What to work on: Print the data once more, exactly as given. Drop the pictures.

Information supplied:
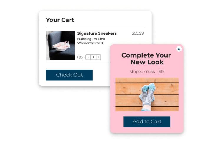 One way to think about upselling and cross-selling is the convenience it provides for customers. First, these pop ups show customers what they’re looking for in less time. People don’t always want to poke around your store to see what else it has to offer, so upselling and cross-selling streamlines the checkout process and gets customers from point A to point B efficiently.
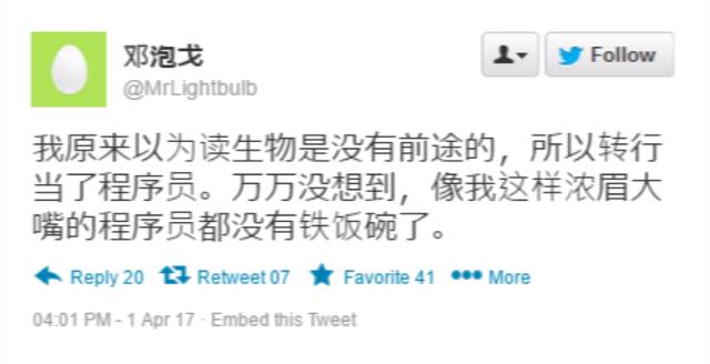 程序员立马嗅到了危机。我原来以为读生物是没有前途的,所以转行当了程序员,硅谷著名生物转行标兵邓泡戈先生在推特上说:万万没想到,像我这样浓眉大嘴的程序员都没有铁饭碗了。
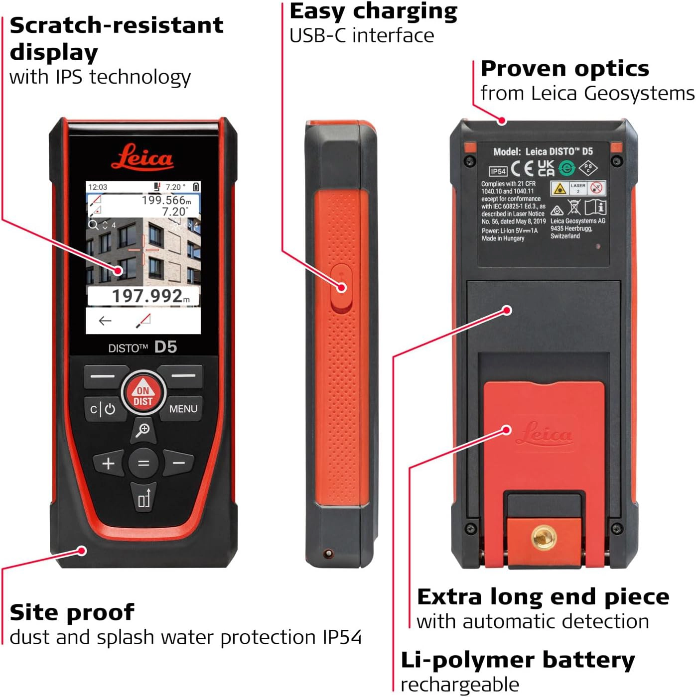 متر لیزری لایکا | LEICA مدل D5 NEW 200M یکی از محصولات پیشرفته در حوزه ابزارهای اندازهگیری لیزری است که با امکانات بهروز، کارایی بالا و دقت مناسب، برای پروژههای صنعتی و ساختمانی طراحی شده است.
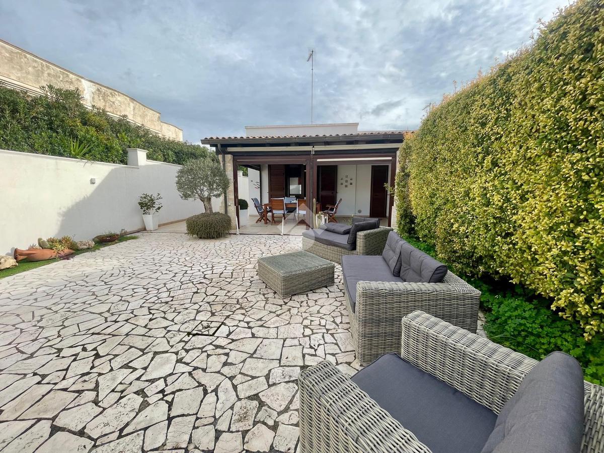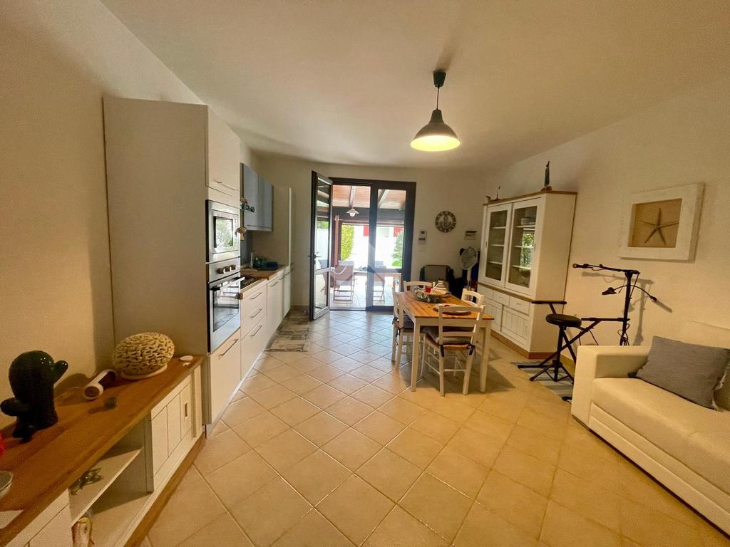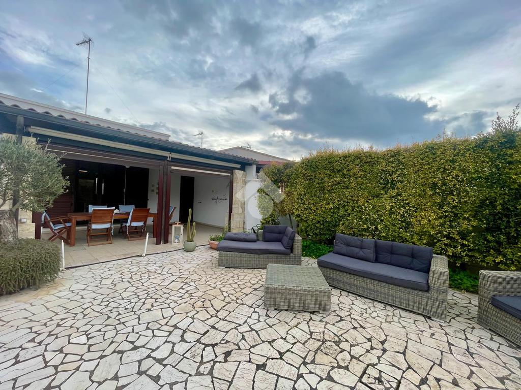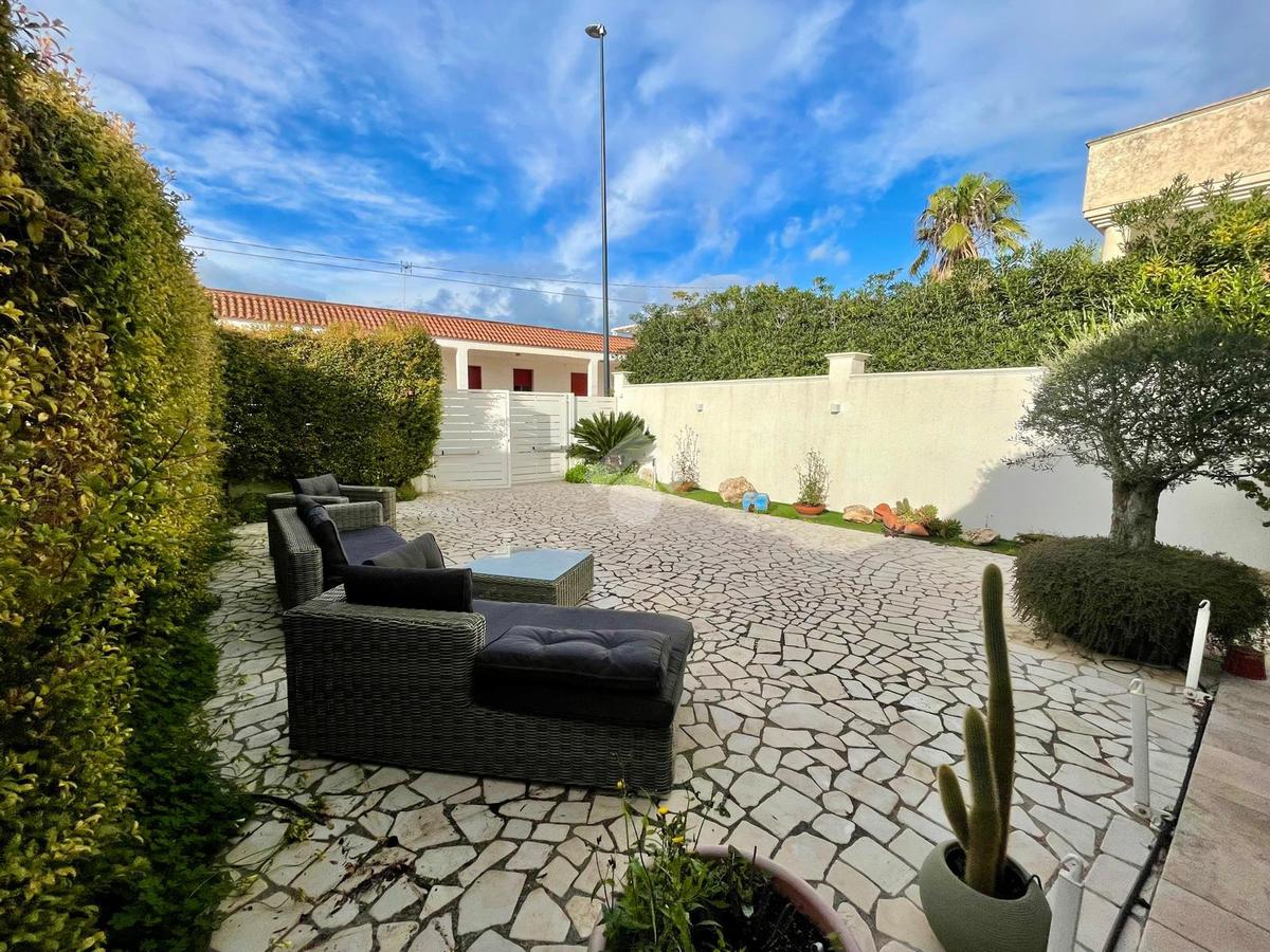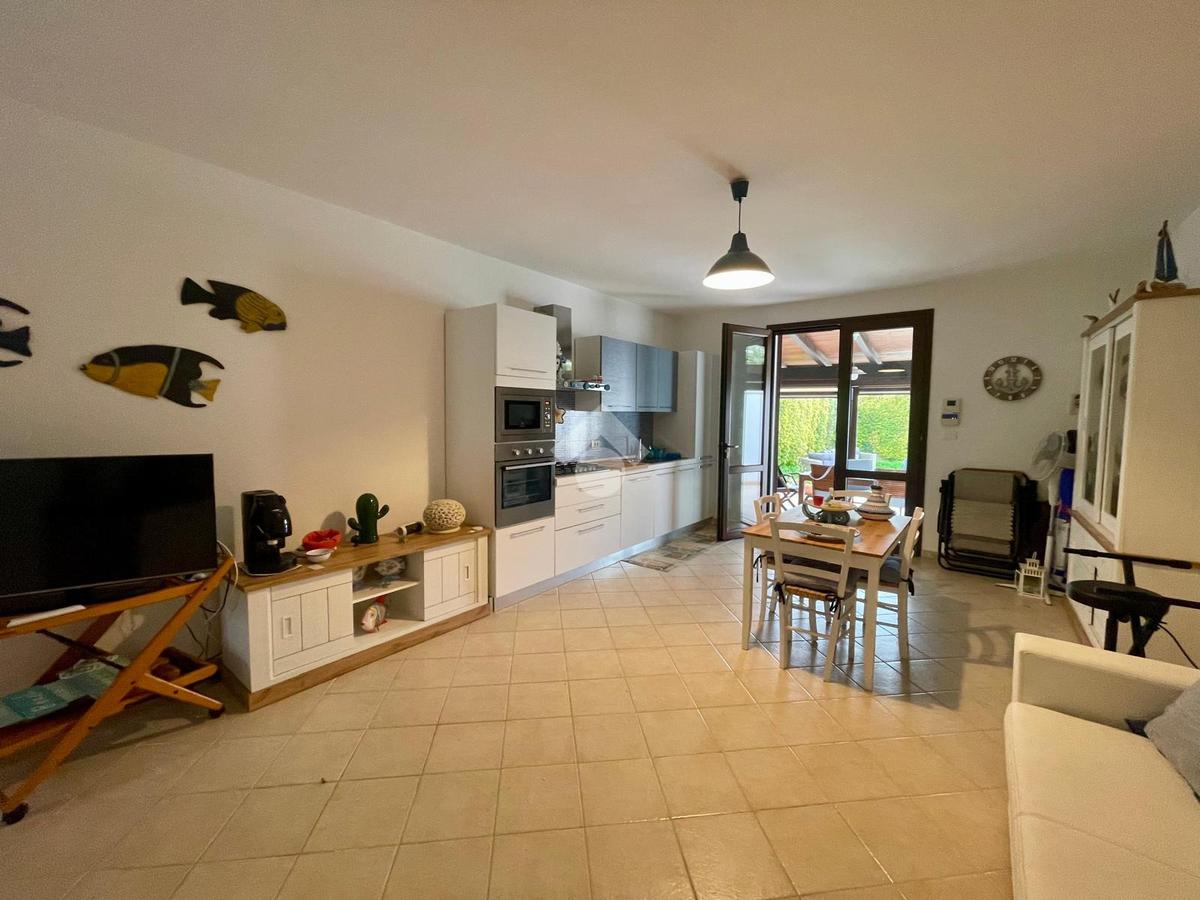 MARINA DI MANCAVERSA: a circa 600 mt dal mare, splendida villa a schiera angolare, di recente costruzione, completa di tutti i comfort, composta da soggiorno pranzo con angolo cottura, due camere da letto matrimoniali e un bagno. Nella parte esterna, ampio giardino con impianto di irrigazione, impianto di allarme e videocamere, i muri perimentrali molti alti permettono di avere riservatezza e privacy a 360gradi, portico esterno con tende laterali che permette l'utilizzo anche nelle giornate di pioggia e ventose, ripostiglio esterno e bagnetto di servizio completo di doccia. Climatizzata e con pannelli solari. La villa viene venduta completa di tutto l'arredo interno ed esterno pronta da subito per essere abitata.

Problem solution:
 One way to think about upselling and cross-selling is the convenience it provides for customers. First, these pop ups show customers what they’re looking for in less time. People don’t always want to poke around your store to see what else it has to offer, so upselling and cross-selling streamlines the checkout process and gets customers from point A to point B efficiently.
 程序员立马嗅到了危机。我原来以为读生物是没有前途的,所以转行当了程序员,硅谷著名生物转行标兵邓泡戈先生在推特上说:万万没想到,像我这样浓眉大嘴的程序员都没有铁饭碗了。
 متر لیزری لایکا | LEICA مدل D5 NEW 200M یکی از محصولات پیشرفته در حوزه ابزارهای اندازهگیری لیزری است که با امکانات بهروز، کارایی بالا و دقت مناسب، برای پروژههای صنعتی و ساختمانی طراحی شده است.
 MARINA DI MANCAVERSA: a circa 600 mt dal mare, splendida villa a schiera angolare, di recente costruzione, completa di tutti i comfort, composta da soggiorno pranzo con angolo cottura, due camere da letto matrimoniali e un bagno. Nella parte esterna, ampio giardino con impianto di irrigazione, impianto di allarme e videocamere, i muri perimentrali molti alti permettono di avere riservatezza e privacy a 360gradi, portico esterno con tende laterali che permette l'utilizzo anche nelle giornate di pioggia e ventose, ripostiglio esterno e bagnetto di servizio completo di doccia. Climatizzata e con pannelli solari. La villa viene venduta completa di tutto l'arredo interno ed esterno pronta da subito per essere abitata.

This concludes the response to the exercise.